小笠原みどり「パンデミック監視資本主義の台頭

         ーデジタル網に閉じ込められる私たち」

小倉利丸 「デジタル庁構想批判の原則を立てる」

武藤糾明 「実装される監視社会化ツール」

倉澤治雄 「中国デジタル革命と監視社会の行方」

佐藤 隆 「『個別最適な学び』の名にが問題かーICTがもたらす教育の危機」

内田聖子 「人々による人々のためのデジタル社会へ

         ー監視社会化に抗する”恐れぬ自治体”」

     最後の内田さんの論考が特に面白い。

     バルセロナでのバルセロナ・コモンズという名の市民プラットフォームが組織され、後に地域政党となり、201年には第1党の座を獲得するまでに成長し、名簿筆頭のコラウ氏が市長になったことを紹介しつつ、現在2期目とも。バルセロナの気候緊急事態宣言のことは「人新世の資本論」で知ったが、バルセロナは、それだけでなく、市民参加型の政治が実現しているので、私立保育園、公営住宅の増設、水道はじめ公共サービスの再公営化、自然エネルギーを供給する公営企業「バルセロナ・エネルギー」の設立。
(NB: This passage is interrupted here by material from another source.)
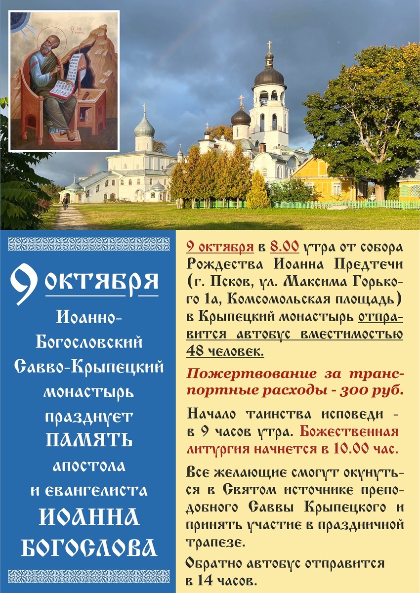 Божественная Литургия – 10:00. По окончании богослужения всех ждет праздничная трапеза. Также желающие смогут окунуться в святом источнике преподобного Саввы Крыпецкого. Для удобства паломников в этот день от собора Рождества Иоанна Предтечи на подворье Иоанно-Богословского Савво-Крыпецкого монастыря в городе Пскове (ул. Максима Горького, 1а) в святую обитель отправится автобус вместимостью 48 человек. Отправление – в 8:00. Пожертвование на транспортные расходы – 300 рублей. Обратно в город автобус отправится в 14:00.

更に国家や大企業を恐れない自治体の国際ネットワークを呼びかけ、2017年6月に第1回目の会合が同市で開催され、40か国、5大陸から180以上の自治体が参加して議論を行ったことが紹介されている。市民が市政に参加するためのプラットフォームが出来たのが大きい。これこそ、日本のデジタル庁が目指すべき方向だと思う。日本の国会議員、また、あまたの自治体の方々に、大いにバルセロナのスマートシティ計画を学んで見習ってほしい。

 デシディム(Decidim)というデジタル参加型プラットフォームに市民がアクセスし、様々な提案をして、議論し、賛成・反対の意思表示を行い、最終的に市議会に提案される。議会での議論がデシディム上でチェックできるのでプロセスが可視化できる。日本でも加古川市が始めたが、まだ参加市民が185名で従来の掲示版の域を出ていないらしいが、そのチャレンジングは素晴らしいです。